I've been searching on the Immigration New Zealand website and found this: Information on getting a police certificate for United Kingdom of Great Britain and Northern Ireland . It mentions that a Police Certificate is required from the supporting NZ partner and only if you can't get one then a statutory declarationc an be supplied. 

Is the statutory declaration you're talking about in place of a Police certificate? Would a UK Police Certificate do instead? If so - that's easy. There's a link on the page telling you what to do.

If you need a statutory declaration from another country then I guess a police officer from that country would be a good equivalent!


----------



## robedsmile

Thanks for the reply Topcat and also the link.
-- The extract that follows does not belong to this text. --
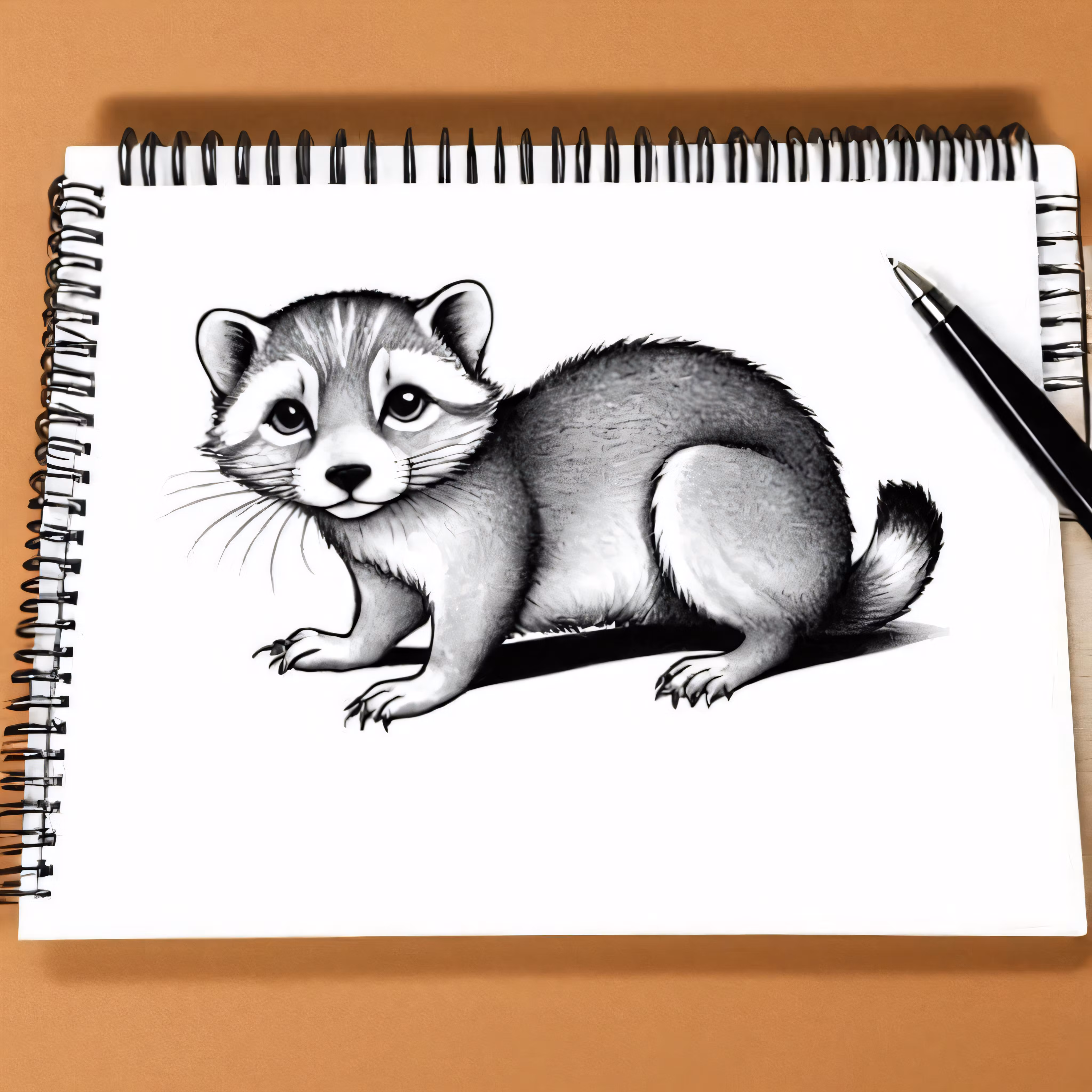 High resolution picture, free to use, a drawing of a racoon on a paper next to a pen

We have both posted our Police certificate applications off this week so it looks like we don't need to worry about the Stat Dec.

Many thanks again

Chris


----------



## nicolelocin214

robedsmile said:


> Thanks for the reply Topcat and also the link.
> 
> We have both posted our Police certificate applications off this week so it looks like we don't need to worry about the Stat Dec.
> 
> Many thanks again
> 
> Chris


Hi chris,
We've recently been thru the partnership visa process and you do need to do the stat declaration. I just called my local solicitors and they charge £5 for witnessing one so I did it through them. Might be worth ringing around a few places local to you. 
Hope to help. 
Nicole


----------



## robedsmile

Thanks Nicole

Did you apply through New Zealand House in London? If so, how long did it take for it to go through?

Chris


----------



## topcat83

nicolelocin214 said:


> Hi chris,
> We've recently been thru the partnership visa process and you do need to do the stat declaration. I just called my local solicitors and they charge £5 for witnessing one so I did it through them. Might be worth ringing around a few places local to you.
> Hope to help.
> Nicole


Question - when you say 'the' statutory declaration - what are you declaring?


----------



## nicolelocin214

topcat83 said:


> Question - when you say 'the' statutory declaration - what are you declaring?


@Topcat- the stat declaration is part of the sponsorship form and it's basically declaring that you are eligible to be a sponsor for your partner and that you are indeed who you say you are. 

@Chris- we sent everything off on the 4th April and then had to send further documentation as I had only sent copies of relationship evidence stuff whereas they wanted originals. The granting of the visa email came on June 6th so around 2 months. If we had got it all right first time may have been quicker  can't fault them though as our case officer was brill and always very quick (sometimes only took 5 mins) to email back about questions.


----------